GOP leaders to block military immigration measure
Mon, 19 May 2014 12:35:48 GMT —
ERICA WERNER and DONNA CASSATA, Associated Press
WASHINGTON (AP) â?? House Republican leaders intervened Friday to prevent a vote on immigration legislation, dealing a severe blow to election-year efforts to overhaul the dysfunctional system.
The move came after a Republican congressman from California announced plans to try to force a vote next week, over strong conservative opposition, on his measure creating a path to citizenship for immigrants who were brought illegally to the U.S. as children and serve in the military.
Rep. Jeff Denham labeled his bill the ENLIST Act and said he would seek a vote as an amendment to the popular annual defense bill, the National Defense Authorization Act, or NDAA.
In response, Doug Heye, spokesman for House Majority Leader Eric Cantor, said: "No proposed ENLIST amendments to NDAA will be made in order."
Heye said no stand-alone vote on the measure would be permitted, either.
It was the latest setback for President Barack Obama's efforts to move comprehensive immigration legislation through Congress to boost border security, remake legal worker programs and offer legal status to the estimated 11.5 million people now living here illegally. The Senate passed an immigration bill last year, but it's been stalled in the GOP-led House.
Denham's measure was widely popular and seen as perhaps the likeliest area for compromise.
But in recent weeks prominent conservative groups, including the Heritage Foundation, announced their opposition. Heritage Action, the group's political arm, announced it would include the vote in its ratings on lawmakers and called Denham's legislation "deplorable."
Cantor himself, who previously had supported offering a path to citizenship for immigrants brought illegally as children, faces a primary challenge in Virginia June 10 from a tea party opponent who has criticized the majority leader for not being conservative enough and accused him of supporting amnesty for immigrants living here illegally.
Dave Brat, an economics professor at Randolph-Macon College, is a long-shot to unseat Cantor, but his campaign has won attention and support from conservative leaders such as radio host Laura Ingraham, partly because of his attacks against Cantor over immigration.
Cantor, House Speaker John Boehner and other House GOP leaders have insisted they want to advance immigration legislation, though they've rejected the Senate's comprehensive bill.

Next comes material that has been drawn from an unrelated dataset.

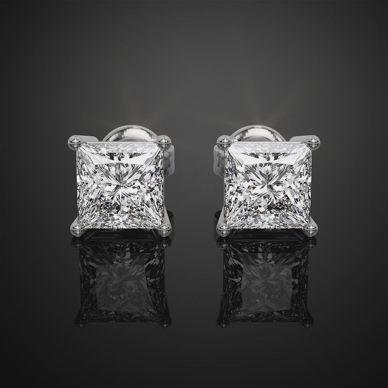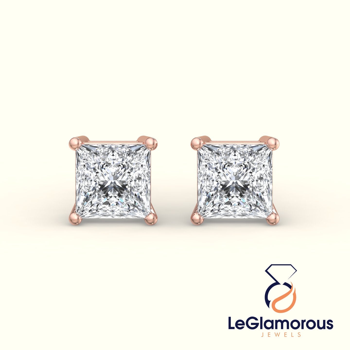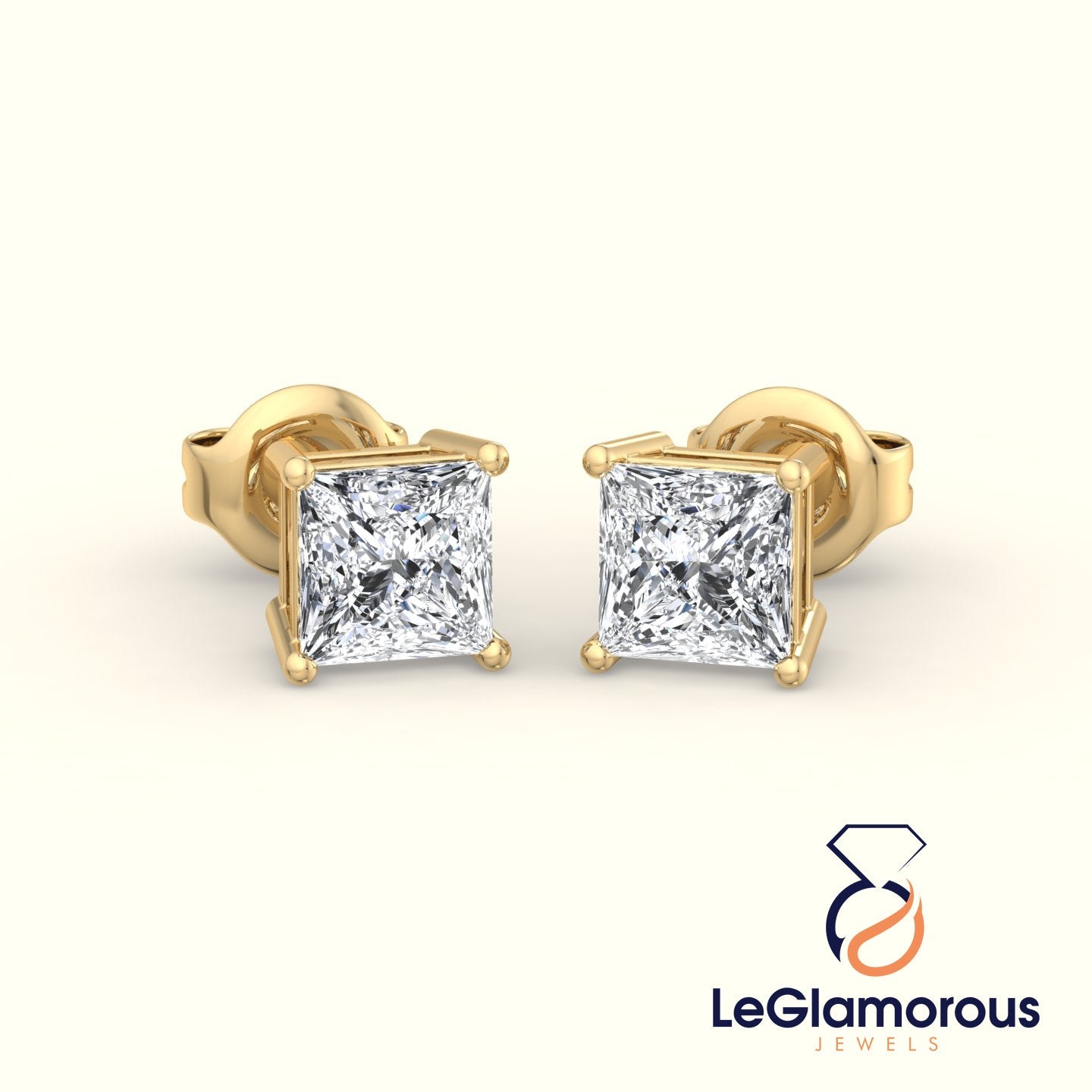 Princess Cut Lab Grown Diamond Stud Earrings, EF/VS Lab Diamond Anniversary Earrings

Chances have always looked slim, but the White House and outside advocates saw a window for action over the next several months, before Congress' August recess and November midterm elections.
Friday's developments seemed to all but rule out anything happening on the issue this year in the House, if even Denham's limited measure could not advance. Despite a wide coalition of business, labor, religious groups, farmers and others pushing for an immigration overhaul, many individual Republican House members who represent largely white districts have been unmoved.
Asked Friday if Boehner disagreed with Cantor's decision, Boehner's spokesman, Michael Steel, said he did not.
Denham's office had no immediate reaction to Cantor's announcement. But in an interview beforehand, Denham, who has a competitive race in his heavily Latino district in central California, said he would keep pushing his legislation regardless of what leadership did.
"I am prepared for a long-term fight on this," he said.
Denham's bill would allow immigrants who were brought to this country on or before Dec. 31, 2011, and were younger than 15 years old to become legal, permanent residents â?? the first step toward citizenship â?? through honorable service in the military.
It was co-sponsored by 50 House members, 26 Democrats and 24 Republicans, but an outspoken minority was opposed. Rep. Mo Brooks, R-Ala., had warned that "all hell will break loose" if Denham tried to promote the measure.
The Senate could still revive the issue if the Senate Armed Services Committee includes the ENLIST Act in its own version of the defense policy bill, something Sen. Carl Levin, D-Mich., the panel chairman, has indicated was possible.